Federal News Radio asked a panel of experts how they would solve the flawed budget process as part of our special report: Now or Never: Ideas to Save the Failin...

As part of our special report, Now or Never: Ideas To Save the Failing Budget Process, Federal News Radio asked eight experts for their thoughts on how to to fix the failing system.

Their ideas can be found in their individual columns on our special report page.

We also asked members of the Association of Government Accounts (AGA) for their ideas on how to fix the budget process.

The thousands of words our experts contributed in their columns touched on a number of subjects, but the most used words and phrases helped to form the word cloud below, with “budget,” “spending,” “federal” and “Congress” being the most prominent.

While this image identifies the most-used words, it doesn’t capture the phrases that sum up the ideas these experts professed for solving the failing budget process.

Below you’ll find a summary of the different ideas the experts suggested, as well as select quotes from AGA members.

Which ideas do you think are the most valuable when it comes to fixing the federal government’s flawed budget process? Let us know by taking our informal online poll.

The poll in this story is no longer available.

David Walker, former comptroller general, and founder and CEO of Comeback America Initiative proposed establishing a biennial budgeting and appropriations process.

“This won’t guarantee timely action but it will free up time for the Congress to focus more attention on the oversight and authorization processes,” he said.

Rep. Reid Ribble (R-Wis.) introduced a biennial budgeting bill, which recently passed the House Budget Committee.
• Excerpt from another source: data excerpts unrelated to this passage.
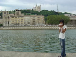 フランスだけにデザートも旨い。お馴染みクレープ&街中で買ったミルフィーユをソーヌ川沿いで頬張る私。
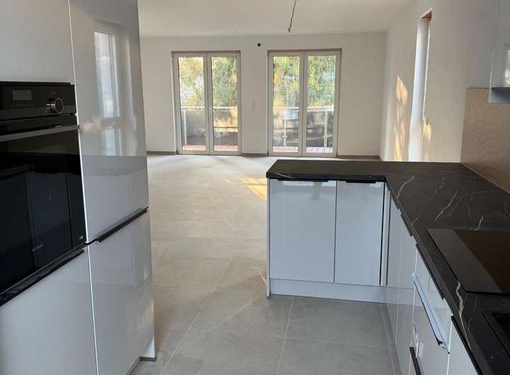 Großzügiger Wohn- und Essbereich mit Zugang zum Südwest-Balkon (ca. 5 m²), offener Küchenbereich mit bereits verbauter Designküche inkl. Siemens StudioLine Premium-Geräten sowie Gäste-WC.
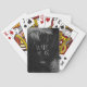 Opt for a striking, glitz and glam look by using the pieces in this wedding suite as shown, with jewels cascading off the diamond-encrusted palm leaves or delete the jewel layers for a slightly more conservative look. This set features leaves in shimmering silver against a dark charcoal, textured background. The wedding playing cards shown here have elegant 'We're All In' text, a border of sparkling leaves and the bride and groom's initials and wedding date. Easily enter your details using the provided template. View the collection link on this page to see all of the matching items in this beautiful set or search ID830 to see additional colour options for this design.
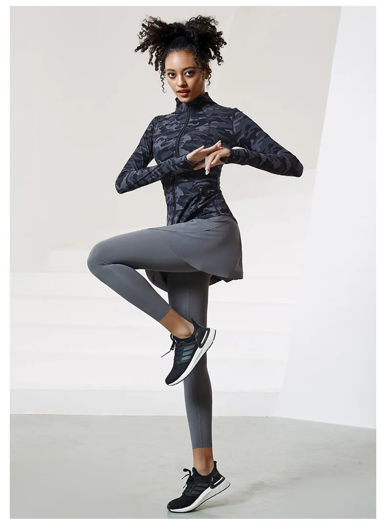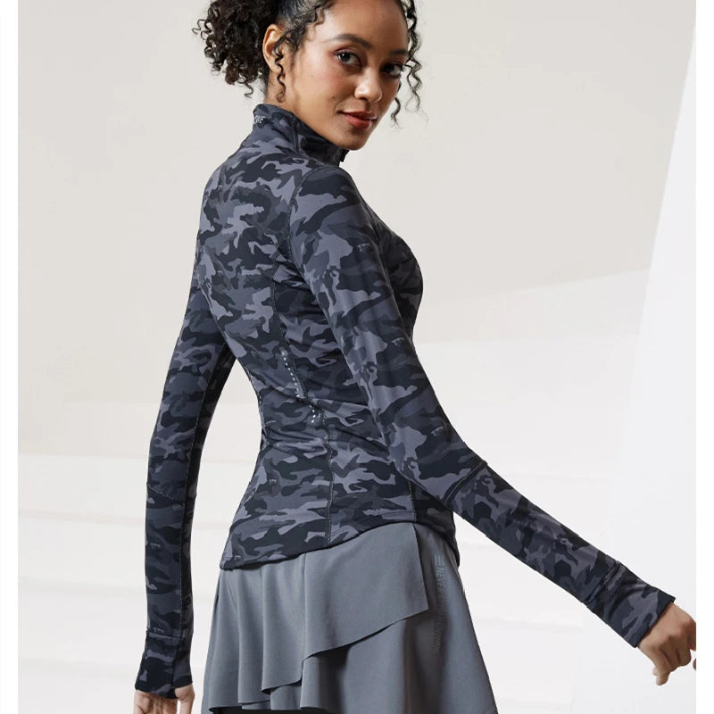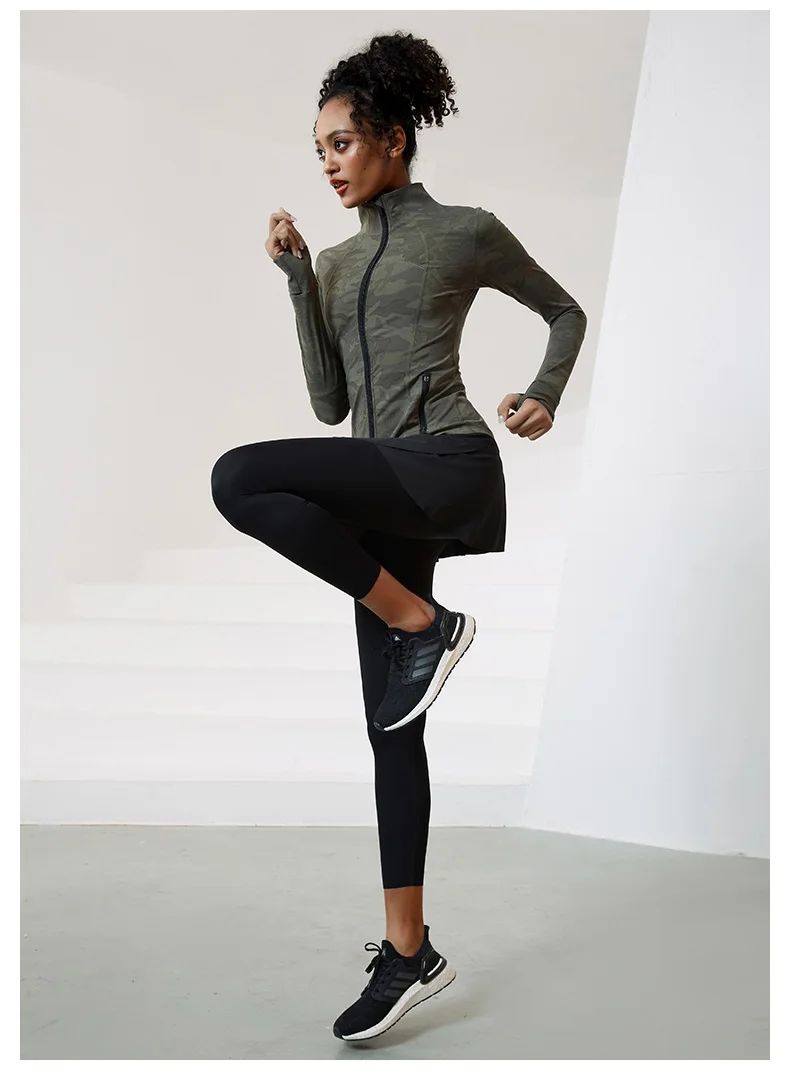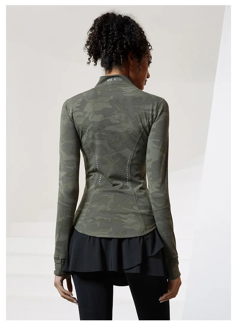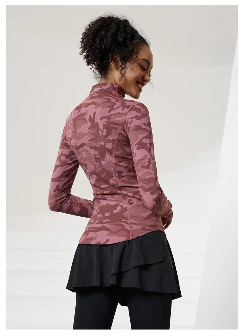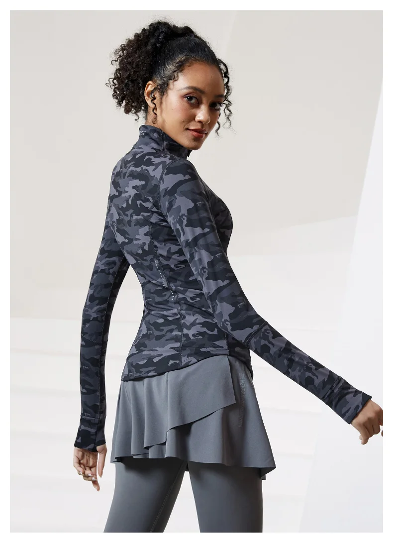 Womens Camouflage Sports Jacket Winter Warm Outdoor Running Hoodies Zipper Cycling Training Tie Dye Coats Cold-proof Windproof
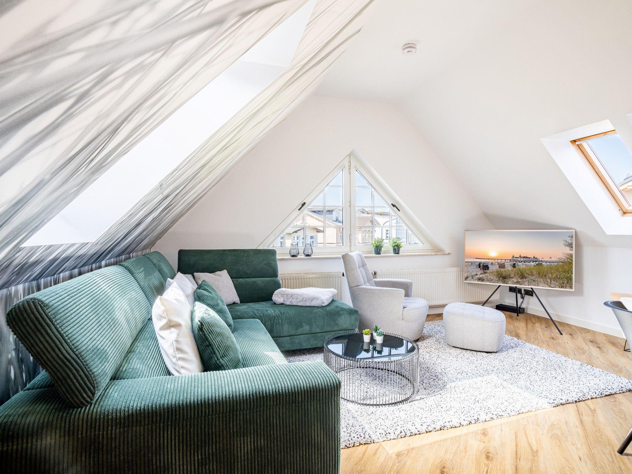 Von einem der Schlafzimmer können Sie den Blick auf die Seebrücke Ahlbeck genießen.

He agreed with Walker that a biennial budgeting system would create greater oversight.

“Instead of forcing agencies to spend all of their time bureaucratically researching, planning, and submitting budget plans for the upcoming fiscal year, biennial budgeting creates set times for departments to submit their budget plans, and dedicates the rest of the time to actually governing,” he said. “And instead of encouraging agencies to use funds wastefully at the end of the year simply so they don’t risk having a smaller budget the next year, agencies would have a longer time window to make effective, necessary spending decisions.”

In addition to biennial budgeting, Bryan Clark, senior fellow at the Center for Strategic and Budgetary Assessments, suggested the government commit to stable funding for capital investments.

“Today, investment appropriations such as infrastructure construction or aircraft production can be spent over several years, since the government (like someone building a house) wants the leverage of future payments to use with the contractor,” he said. “This works well if the project is completely funded in one year’s budget. Big projects from ships to spacecraft, however, require funds from several consecutive budgets because they are expensive relative to the size of the sponsoring agency’s annual budget. This makes the schedule and cost of the program very dependent on annual appropriations being completed on time and the amount being close to what was planned.”

Diana Urban, a State of Connecticut Representative, floated the idea of Results-Based Accountability, in which a “quality-of-life result” is identified and guidelines are set to achieve that result.

“It is a two-step process that is based on simple language that can be understood by the average ‘joe’ on the street,” she said. “However, it does offer a structure that allows for a meaningful discussion on the ends we are trying to achieve and if we are getting close to achieving those ends.”

Dan Chenok, executive director of the IBM Center for the Business of Government, said opportunities exist for government to save costs by improving how agencies manage technology, processes and data.

“Increasingly, agencies are using analytics to predict and prevent problems that drain time and resources, such as identifying improper pay­ments in advance rather than stopping them after the fact,” he said. “Applying analytics to administrative data sets can also help to determine the cost-effectiveness of alternative interventions.”

Robert L. Bixby, executive director of The Concord Coalition, said the government should adhere to pay-as-you-go rules for the expansion of entitlements and tax cuts. He also proposed setting long-term approach to revenue targets.

Long-term targets for revenues and outlays by major spending category should be established as part of the annual budget resolution,” he said. “Congress should note how major legislative proposals that are assumed in the resolution would affect these targets — and how the targets differ, if at all, from current-law projections by the Congressional Budget Office.”

David Wessel, director of The Hutchins Center on Fiscal and Monetary Policy, Brookings Institution, said that the root of the problem isn’t the budget process itself, it’s that the American public wants more services from the government than it’s willing to pay for through taxes.

“The challenge is to rethink the budget process and the presentation of the budget so that it is more likely to produce a durable consensus among a significant number of Democrats and Republicans and promote better public understanding of the fiscal choices the nation faces,” he said.

One of Wessel’s suggestions is for presidential candidates to build their campaign budgets around a common baseline, such as the Congressional Budget Office’s 10- year projection of current budget policies.

“This would give candidates an incentive to avoid outlandish promises and might just help the public understand that whatever the right target for deficits and debt, cutting foreign aid — roughly 1 percent of all federal spending — isn’t going to get us there,” he said.